Constellation wants to return the reactor to power operations through April 19, 2034, under one exemption and three license amendments. The draft review also says the no-action alternative could carry significant impacts.

In Dauphin County, Pennsylvania, Constellation’s effort to bring the Christopher M. Crane Clean Energy Center back to power operations has reached a federal checkpoint. The U.S. Nuclear Regulatory Commission, or NRC, has issued a draft environmental assessment and draft finding of no significant impact, known as a FONSI, for proposed actions tied to reauthorizing power operations.
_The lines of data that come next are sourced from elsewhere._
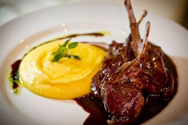 Carré de Cordeiro ao Vinho Tinto com Polenta Cremosa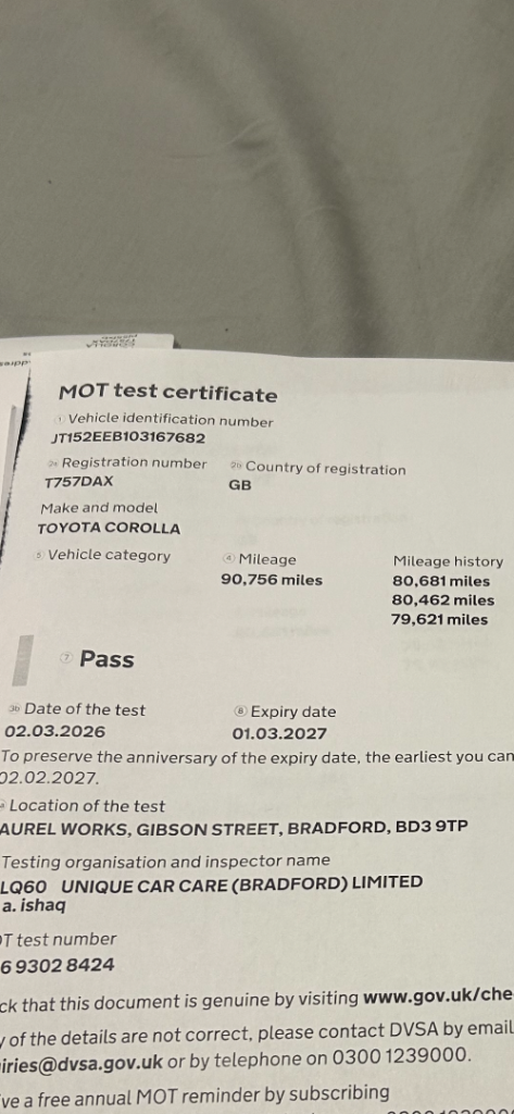 Here I am selling this amazing 1.3 Toyota CORROLA 3 door hatchback Automatic fully serviced low mileage car well maintained ! Timing belt water pump done on 81,000 & auxiliary belts done. Full 12 months M O T ! No advisories also. The car is very clean from underneath professionally undersealed & recently just done new 4 x links , track rod ends & brake pads plus handbrake sorted unbelievable to drive nothing to do for new driver amazing fuel economy also ! I changed the front driver side wing also the previous one had rust on it so I changed it now the whole car is immaculate in out underneath thanks for viewing no silly offers please as I also have things to buy I have spent tremendous amount on it plus 2 times front new tyres and rear and also new shockers put in last year as seen on the paperwork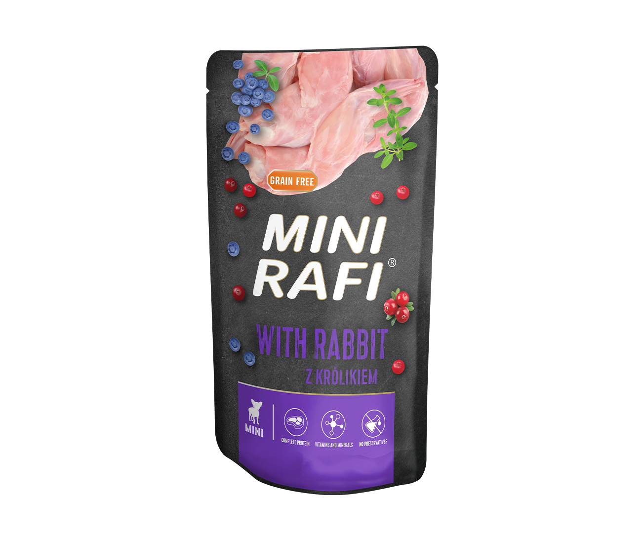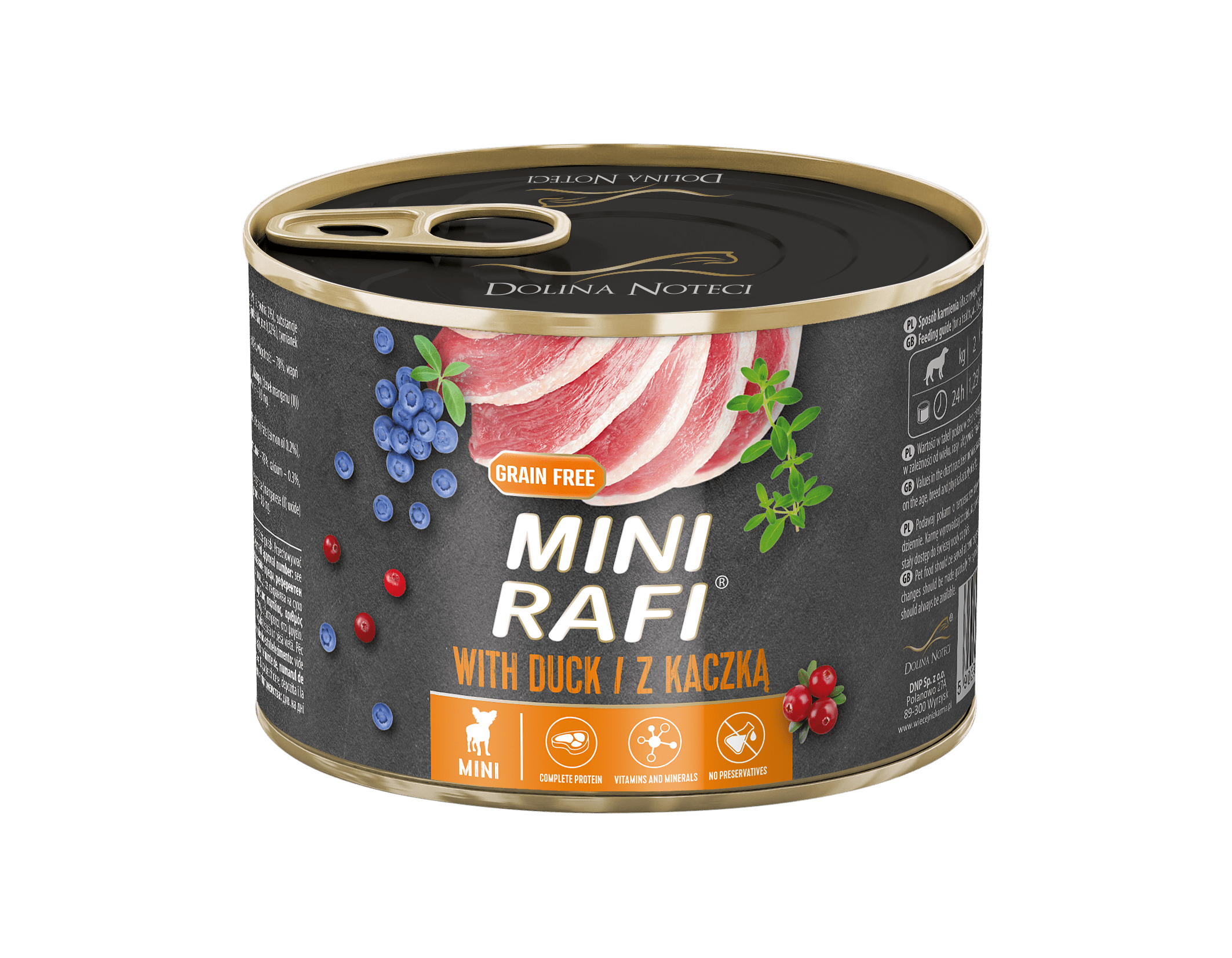 A complete meal for adult small breed dogs with valuable nutrients from raw materials of animal origin. The pet food recipe has been developed to meet all standards for the specific nutritional requirements of adult small breed dogs. To provide the animal’s body with adequate levels of protein and fatty acids, these must be assimilated from the food. A natural source of n-3 fatty acids is salmon oil, which, when added as an ingredient to pet food along with blueberries and cranberries, has a beneficial effect on the metabolism of adult dogs. The addition of herbs such as thyme improves the digestive function of the delicate digestive tract of adult small breed dogs. The meat content of the food – 65% – including lamb, provides the right amount of protein and fatty acids for your dog’s digestive system. Eating duck meat supports the functioning of the nervous system, and dogs who regularly eat duck enjoy better reflexes and have no problems falling asleep. Thanks to its calcium and phosphorus content, this meat strengthens their teeth and bones and protects against osteoporosis. Thanks to its iron content, it also protects against anemia and supports the proper functioning of the immune system. Mini Rafi food is the ideal and healthy choice for a well-balanced, varied diet – for the health and proper nutrition of your dog.

For nearby communities and the regional grid, the immediate question is whether the restart can keep moving without triggering a deeper environmental review.

Comment deadline: July 8, 2026 Submit comments: https://www.regulations.gov Effective date: June 3, 2026

The plant was formerly Three Mile Island Nuclear Station, Unit 1. Constellation Energy Generation, LLC is seeking one exemption and three license amendments to support a return to power operations through April 19, 2034.

What the draft review covers

The draft assessment looks at land use, air and water, noise, ecological resources, historic and cultural resources, health, waste, transportation, accident risks, greenhouse gases and climate change. NRC staff says the impacts in each area are not significant. That kind of finding can keep a project on the environmental-review track without forcing a full environmental impact statement unless public comments change the agency’s view.

The review is tied to concrete federal action: the NRC is weighing the exemption and license amendments Constellation requested to support the potential reauthorization of power operations at the center. The agency also says the no-action alternative could have significant impacts, while no other option met the project’s need.

The financing track

The Department of Energy’s Office of Energy Dominance Financing is a cooperating agency on the review. DOE’s proposed action is a decision on federal financial assistance, specifically a loan guarantee, for refueling and resumption of power operations. In other words, the restart is not just a licensing problem. It is also a financing problem.

The agency says the project would provide 835 megawatts-electric of baseload power to the Pennsylvania, New Jersey and Maryland grid. Constellation also points to a 20-year power purchase agreement signed in 2024 with Microsoft to supply carbon-free energy to Microsoft’s data centers in PJM.

July 8 is the public window

Public comments are due July 8, 2026. After that, NRC staff will issue a final environmental determination and decide whether a full environmental impact statement is needed or whether the draft FONSI stands.

DOE would then issue its own separate notice or decision document if it moves forward. For now, the restart remains under review, with both the environmental and financing tracks still open.